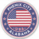 Phenix City Alabama, pegatina de la ciudad de Phenix con bandera de los Estados Unidos, forma redondeada
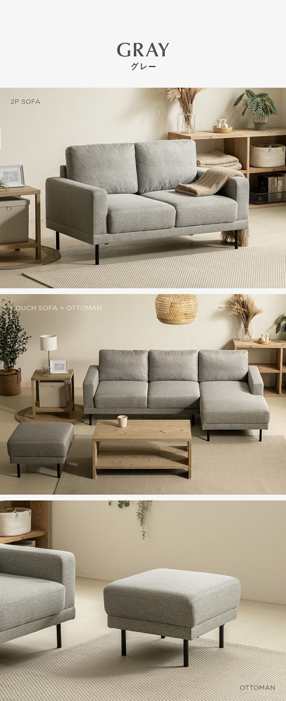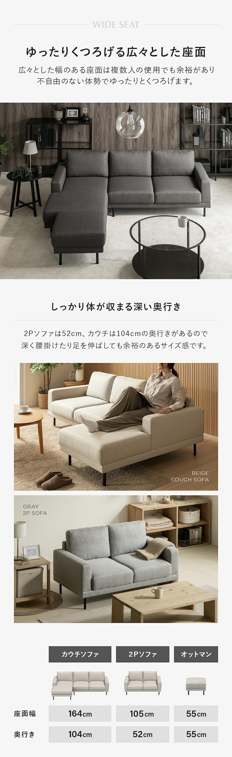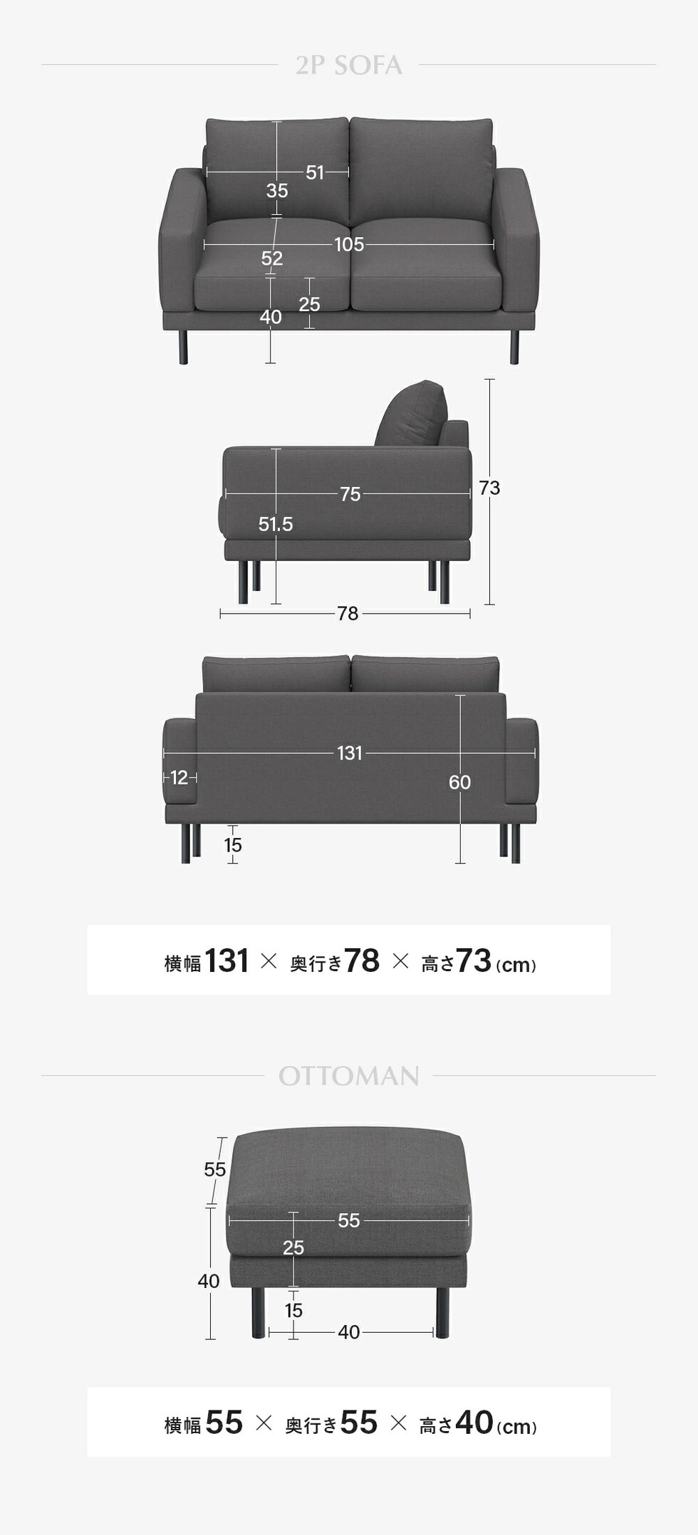 | サイズ | カウチソファ:横幅202.5×奥行き131.5×高さ73cm 2Pソファ:横幅131×奥行き78×高さ73cm オットマン:横幅55×奥行き55×高さ40cm |
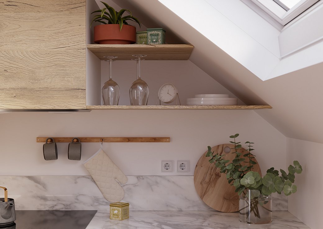 Imaginez un matin ensoleillé, une lumière douce filtrant à travers les fenêtres pour illuminer votre toute nouvelle cuisine sous les toits, conçue sur mesure. Les façades blanches, aux finitions soyeuses, se marient délicatement avec le plan de travail effet marbre Venato Bianco : une composition pensée pour combiner fonctionnalité et un brin de sophistication, dans un espace en double II parfaitement organisé.Le mariage de l’effet marbre, avec son veinage naturel, et de l’effet bois, synonyme de chaleur, crée une atmosphère à la fois fonctionnelle, accueillante et esthétique.
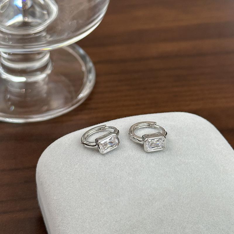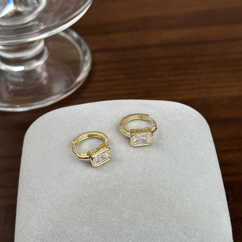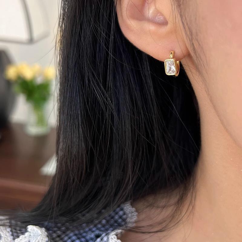 Pendientes de Aro de Circonita de Azúcar Cuadrados Pequeños Exquisitos Nicho Lujo Ligero Combinables Elegantes Elegantes Hebilla de Oreja Nuevos Pendientes para Mujer

◇ ◇ ◇ ◇ ◇ ◇ ◇

### The task
Give back the whole of the material exactly, with the pictures removed.

### Worked solution
 Phenix City Alabama, pegatina de la ciudad de Phenix con bandera de los Estados Unidos, forma redondeada
 | サイズ | カウチソファ:横幅202.5×奥行き131.5×高さ73cm 2Pソファ:横幅131×奥行き78×高さ73cm オットマン:横幅55×奥行き55×高さ40cm |
 Imaginez un matin ensoleillé, une lumière douce filtrant à travers les fenêtres pour illuminer votre toute nouvelle cuisine sous les toits, conçue sur mesure. Les façades blanches, aux finitions soyeuses, se marient délicatement avec le plan de travail effet marbre Venato Bianco : une composition pensée pour combiner fonctionnalité et un brin de sophistication, dans un espace en double II parfaitement organisé.Le mariage de l’effet marbre, avec son veinage naturel, et de l’effet bois, synonyme de chaleur, crée une atmosphère à la fois fonctionnelle, accueillante et esthétique.
 Pendientes de Aro de Circonita de Azúcar Cuadrados Pequeños Exquisitos Nicho Lujo Ligero Combinables Elegantes Elegantes Hebilla de Oreja Nuevos Pendientes para Mujer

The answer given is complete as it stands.